The growth of supply from Russia, the USA, Canada and Brazil is a challenge to OPECs dominance of the market. However, the increasing reliance of OPEC members on high prices, to balance domestic budgets, is also eating away at its ability to compete on price alone.
The one thing the price war has clearly signalled is Russia and Saudi Arabia are no longer willing to subsidise US and Canada supply. We have seen what a free market environment means for the oil sector and prices have collapsed. A survival of the fittest would shut in supply for anywhere with production prices north of $50. However, the challenge for the USA and Canada is their oil sectors are privately owned whereas most other countries are capable of making national decisions about production quotas.
Despite these challenges the oil price rallied to break its sequence of lower rally highs today to confirm a low of at least near-term significance.

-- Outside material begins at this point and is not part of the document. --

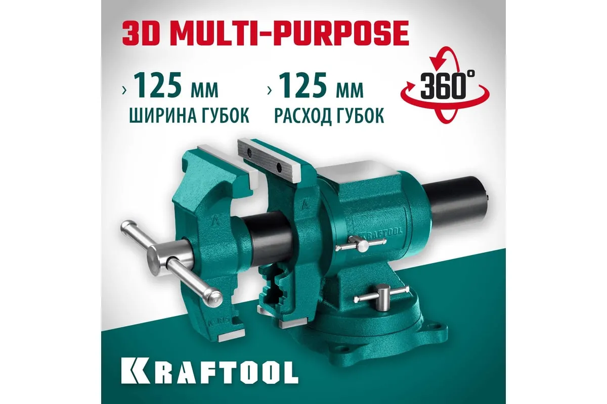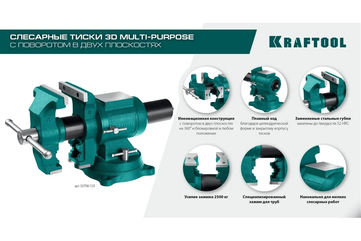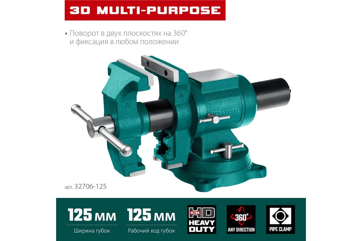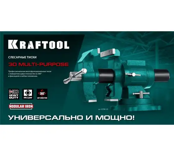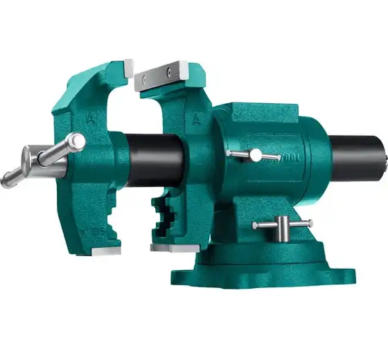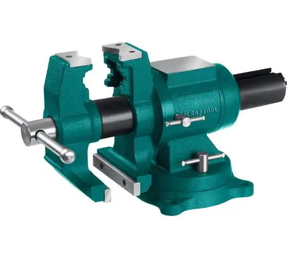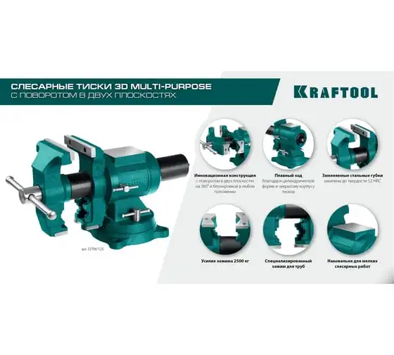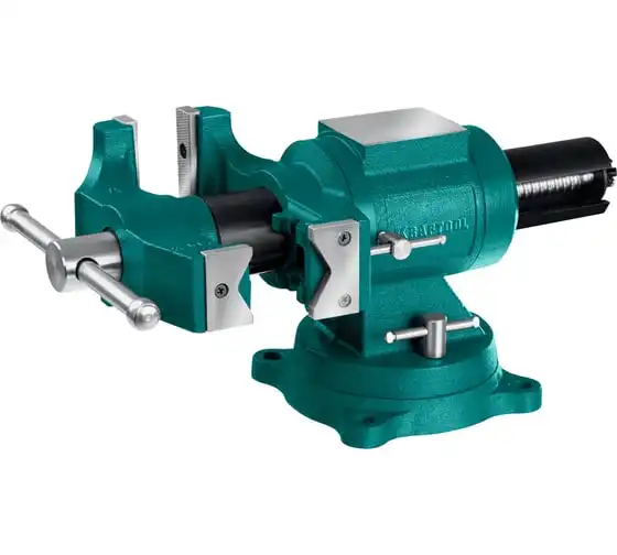 Чугунные слесарные тиски предназначены для зажима различных предметов или их отдельных составных элементов. Профессиональные 3D слесарные тиски с поворотом в двух плоскостях на 360° и блокировкой в каждой из них. Универсальная конструкция позволяет надёжно и одинаково точно фиксировать крупные и компактные заготовки. Корпус из высококачественного чугуна HT-200. Поворотное основание на 360°. Усилие зажима до 3500 кг/см2. Сменные стальные закаленные губки с рифленой поверхностью. Универсальный зажим для труб. Наковальня для мелких слесарных работ.

Exxon Mobil yielded a high of 11% two weeks ago and that has now contracted to 8.79%. The company has never cut its dividend and has a low debt/equity ratio. While the natural gas price is still very low, the share has already priced in a lot of bad news. A reversionary rally is still underway.
Chevron’s yield got to 9% and is currently 6.56%. It also has a lot debt load and is currently unwinding an oversold condition.
Royal Dutch Shell has a spottier history of dividend growth but the yield hit over 14% two weeks ago and is now 9.94%. The rebound has confirmed at least near-term support.
It remains the base case that oil prices are unlikely recover more meaningfully until some supply is withdrawn from the market and the high yield portion of the domestic onshore US and Canadian market remain the highest probability default candidates.